DALLAS (SMU) – Researchers at SMU and UCLA are enrolling subjects for a five-year study of a treatment for a psychological condition known as anhedonia – the inability to find pleasure in any aspect of life. A grant of approximately $4 million from the National Institute of Mental Health will allow professors Alicia Meuret and Thomas Ritz at SMU and Michelle G. Craske at UCLA to study the effectiveness of their treatment in 168 people suffering from this very specific symptom.
“The goal of this novel therapeutic approach is to train people to develop psychological muscle memory – to learn again how to experience joy and identify that experience when it occurs,” said Meuret, professor of psychology and director of SMU’s Anxiety and Depression Research Center. “Anhedonia is an aspect of depression, but it also is a symptom that really reaches across psychiatric and non-psychiatric disorders. It’s the absence or the lack of experiencing rewards.”

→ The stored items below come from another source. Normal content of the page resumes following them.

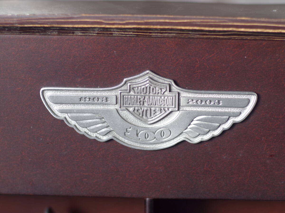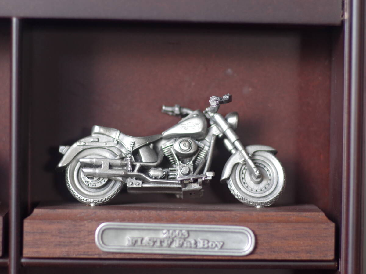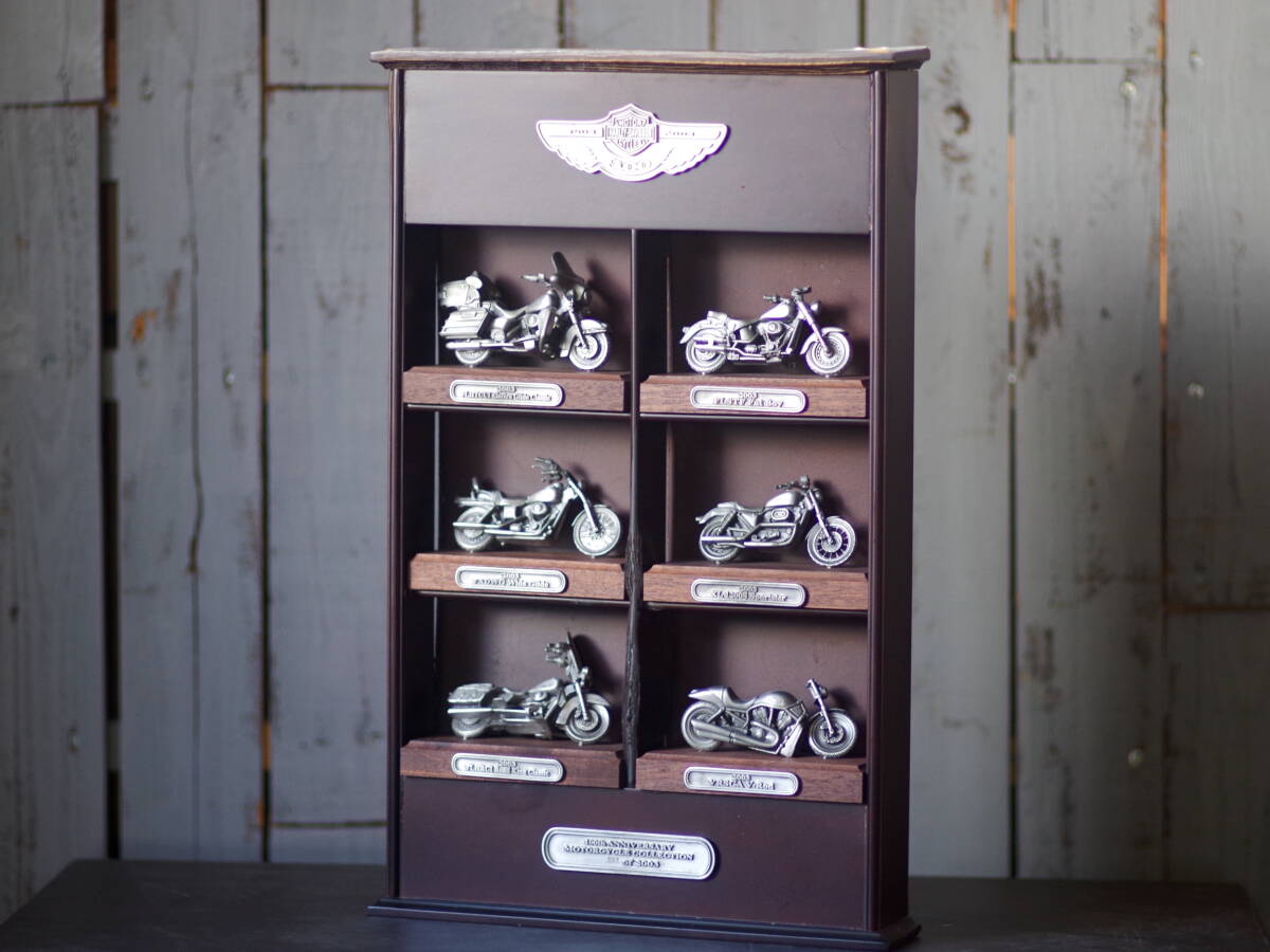 こちらは2003年にHarley-Davidson 100周年を記念して作られたダイカストモデルです。1903-2003年の100年間でハーレーダビッドソンを代表するバイクのダイカスト模型が木製の棚に陳列されています。
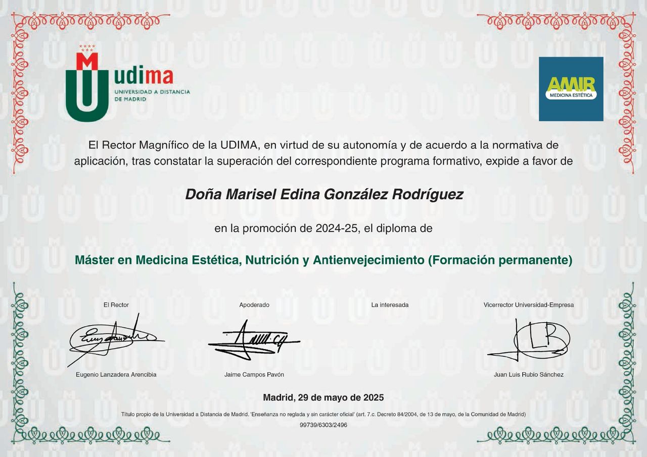 ¿Cuáles son las especialidades principales de Marisel González Rodriguez?Marisel González Rodriguez es Médico estético. Te mostramos algunos de los servicios que ofrece gracias a su trayectoria y su amplia experiencia: Visita Medicina Estética, Rejuvenecimiento de cuello, Peeling o quimioexfoliación, Revitalización facial con ácido hialurónico, Rejuvenecimiento de manos, Tratamiento de acné, Ácido hialurónico, Aplicación de enzimas, Tratamiento de despigmentación cutánea, Tratamiento para alopecia androgenética.
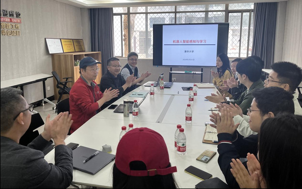 活动上,马文龙首先代表学院向远道而来的两位教授表示欢迎。接着,刘华平作《机器人智能感知与学习》专题报告,提出单体智能到多机器人协同上感知、学习、控制之间的关系,从机器视觉角度展示深度学习、大模型技术等训练与使用的最新研究成果,分享机器人前沿知识领域“具身智能”的理论与实践。
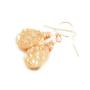 Zoom Champagne Druzy Rose Gold Teardrop Earrings
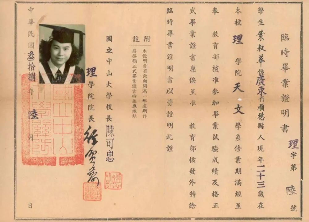 中山大学理学院数学天文系颁给叶叔华的临时毕业证书。
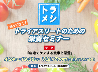 そのためこのセミナーでは、スポーツ栄養学の専門職とトライアスロン競技の専門スタッフから、オンラインの栄養セミナーとして、この時期にケアする食事や栄養面から、自宅でできるセルフチェックやコツなど
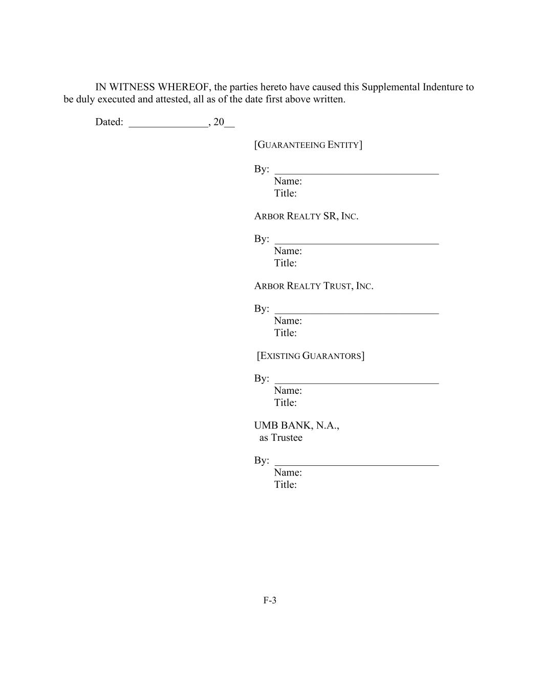 F-3 IN WITNESS WHEREOF, the parties hereto have caused this Supplemental Indenture to be duly executed and attested, all as of the date first above written. Dated: _______________, 20__ [GUARANTEEING ENTITY] By: _______________________________ Name: Title: ARBOR REALTY SR, INC. By: _______________________________ Name: Title: ARBOR REALTY TRUST, INC. By: _______________________________ Name: Title: [EXISTING GUARANTORS] By: _______________________________ Name: Title: UMB BANK, N.A., as Trustee By: _______________________________ Name: Title:
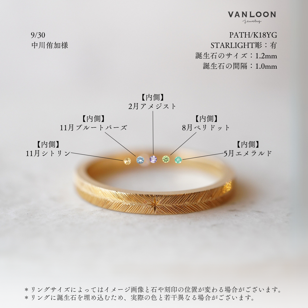 ------------------ リング:PATH(STARLIGHT彫有) 素材:K18YG 天然石:5粒 154,000円(税込) ※天然石応相談 合計 154,000円(税込) ------------------ [K18] 15-19号 +13,200円(税込)、20-21号 + 26,400円(税込)の追加代金を頂きます。

People suffering from depression often report feeling down or blue, loss of appetite and having difficulty sleeping or concentrating, all described generally as “negative affect.” Meuret explained that there is another other side to depression – the reduction of all that is positive. This reveals itself in someone who says he or she is not especially anxious or depressed, but nothing gives them joy anymore.
“They don’t feel motivated to do anything, and when they do things that formerly gave them pleasure, they just don’t enjoy them anymore,” Meuret said. “We call that a deficit in the reward system – a reduction to reward sensitivity.”

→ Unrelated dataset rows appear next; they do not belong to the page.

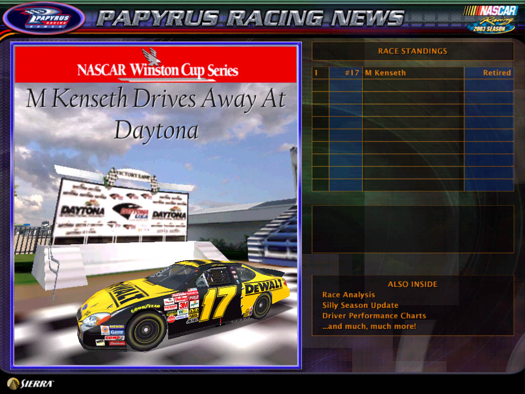 Use this template to create a trkwin newspaper picture. This template includes the border used by all N2003 trkwin files. It also includes both a Winston Cup title or a Busch Grand National title instead of the "NASCAR Racing Series" title the stock tracks use. There is a shadow layer included for the car when it is displayed in the newspaper.
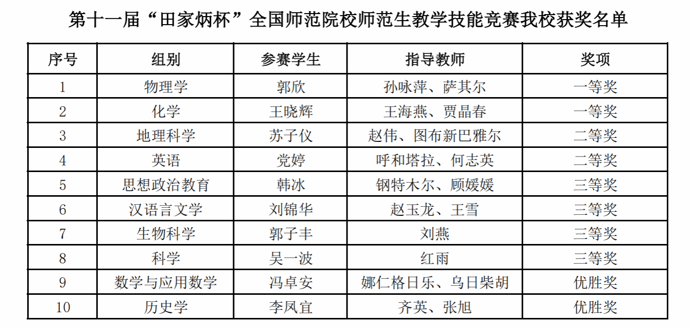 學(xué)校一直秉承“以賽促教、以賽促學(xué)、以賽促改、以賽促建”的長效機制,持續(xù)推進(jìn)“院—校—省—國”四級競賽體系,有效促進(jìn)了師范生教學(xué)能力和水平的提升。下一步,學(xué)校將繼續(xù)以教育家精神為引領(lǐng),聚焦教師學(xué)科能力與素養(yǎng)雙重提升,強化師范生教學(xué)實踐與育人智慧培養(yǎng),構(gòu)建“專業(yè)筑基—實踐賦能—情懷鑄魂”的全鏈條育人體系,著力培養(yǎng)新時代高素質(zhì)專業(yè)化教師隊伍,助力自治區(qū)基礎(chǔ)教育高質(zhì)量發(fā)展。
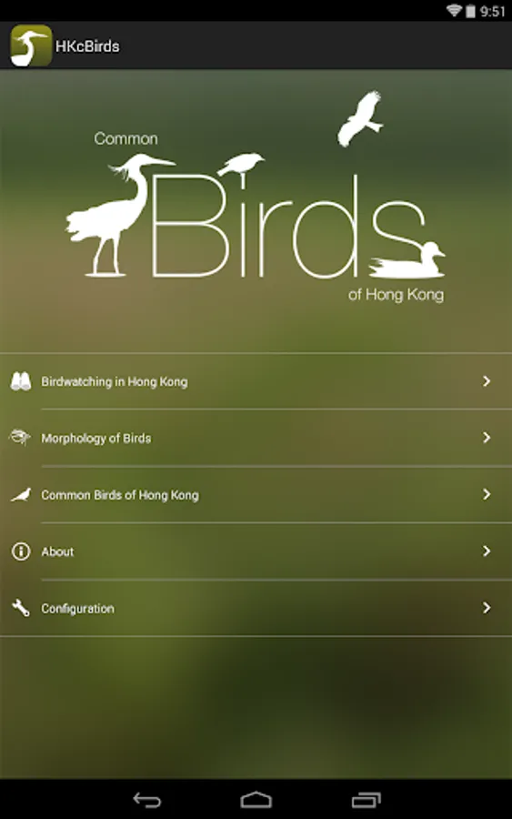 The App "HKcBirds: Common Birds of Hong Kong" is jointly developed by Department of Computer Science, The University of Hong Kong and The Hong Kong Bird Watching Society, under the project titled "Birds of Hong Kong in Your Hands" supported by the HKU Knowledge Exchange Fund.
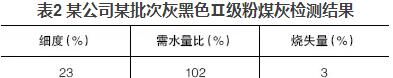 混凝土公司大多數(shù)使用的粉煤灰顏色與水泥相近,多呈灰色;也有部分粉煤灰顏色較深呈灰黑色,這種粉煤灰一般細(xì)度較細(xì)或含碳量較高。但總會發(fā)現(xiàn)一些深顏色的粉煤灰檢測結(jié)果與常理不符,如某公司某批次灰黑色Ⅱ級粉煤灰檢測結(jié)果見表2。

Historically, treatments for affective disorders such as anxiety and depression have been aimed at reducing negative affect, Meuret said. Over the next five years, Meuret, Ritz and Craske will treat 168 people using a type of cognitive behavioral therapy aimed at teaching people to seek out and recognize the positive aspects of life – increasing their sensitivity to reward. They will compare their results with a more traditional approach of treating the negative affect side of their problems.

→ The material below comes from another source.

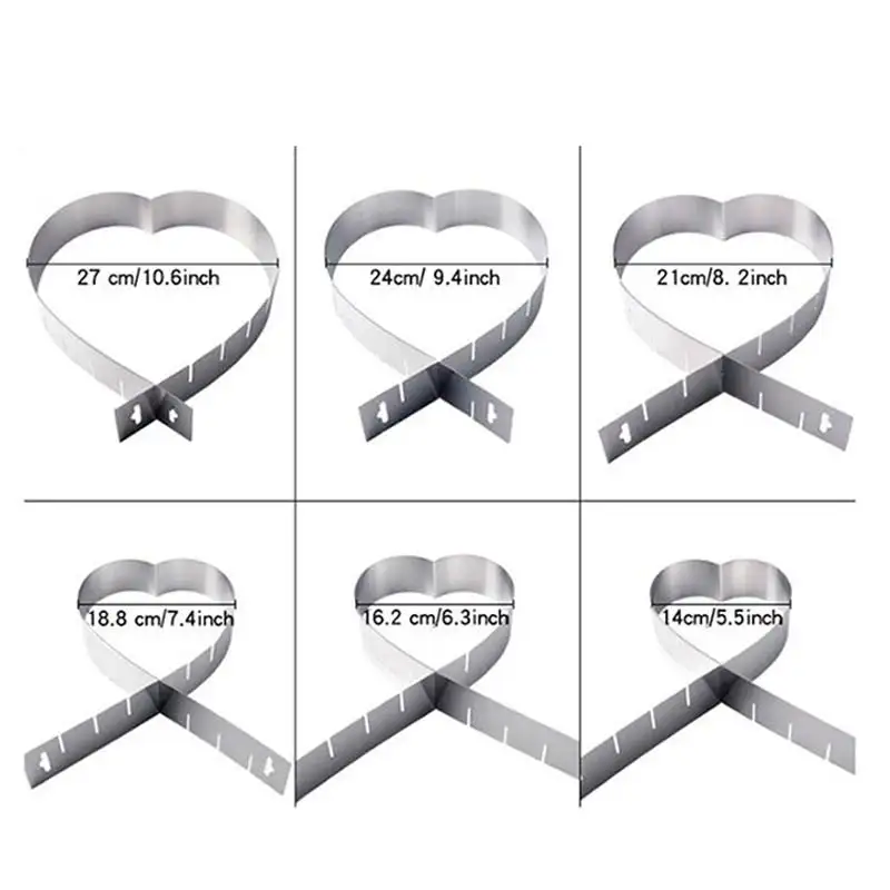 Our adjustable stainless steel heart cake ring takes the hassle out of making heart-shaped desserts—no need to buy multiple fixed-size molds! It easily adjusts to fit your needs, whether you’re baking a small 4-inch cake for two or a larger 8-inch one for a party.

The monitoring of treatment success will include simple biomarkers of enjoyment. “The heart beats faster in joy, something that has been shown to be absent in anhedonia,” said Ritz, an SMU professor of psychology who specializes in studying the relationship between biology and psychology in affective disorders and chronic disease. Other measures will capture immune activity, which is important as an indicator of long-term health.
Clinical psychology graduate students working on the project are Juliet Kroll, Divya Kumar, Natalie Tunnell, Anni Hasration, Andres Roques and Rebecca Kim, a recent SMU alumna, who will coordinate the day-to-day administration of the project.
Those interested in participating in the study may phone Rebecca Kim at 214-768-2188 or fill out the pre-screen form here.
The NIMH-funded study will follow the training framework of an SMU-UCLA pilot study conducted from 2014-2018:
- The first half of the treatments are targeted at changing behavior, using strategies where the patient learns to seek out pleasant activities that they have previously enjoyed. Scheduled “homework” records that they list their mood before and after the activity, savoring the pleasurable moments in these activities. When resuming a session, the patient recalls the activity as if experiencing it in real time, such as, “I see Amy. I feel a connection with her. We walk on the street, and I can see the leaves changing.”
- Cognitive training provides exercises that identify the positive aspects of various activities, taking responsibility for those activities and imagining what they would feel like.
- The last module is compassion training, helping the patient to again learn to share love and kindness with another person, cultivating gratitude and generosity and learning to generate and savor positive feelings in the moment.
“Rather than saying to our patients, ‘Let me help you feel less bad,’ we are saying, ‘Let me help you re-learn how to feel good,” Meuret said. “It’s very rewarding as a researcher psychologist that these patients can feel again – feel something positive. I think there’s nothing worse than losing this sense of reward.”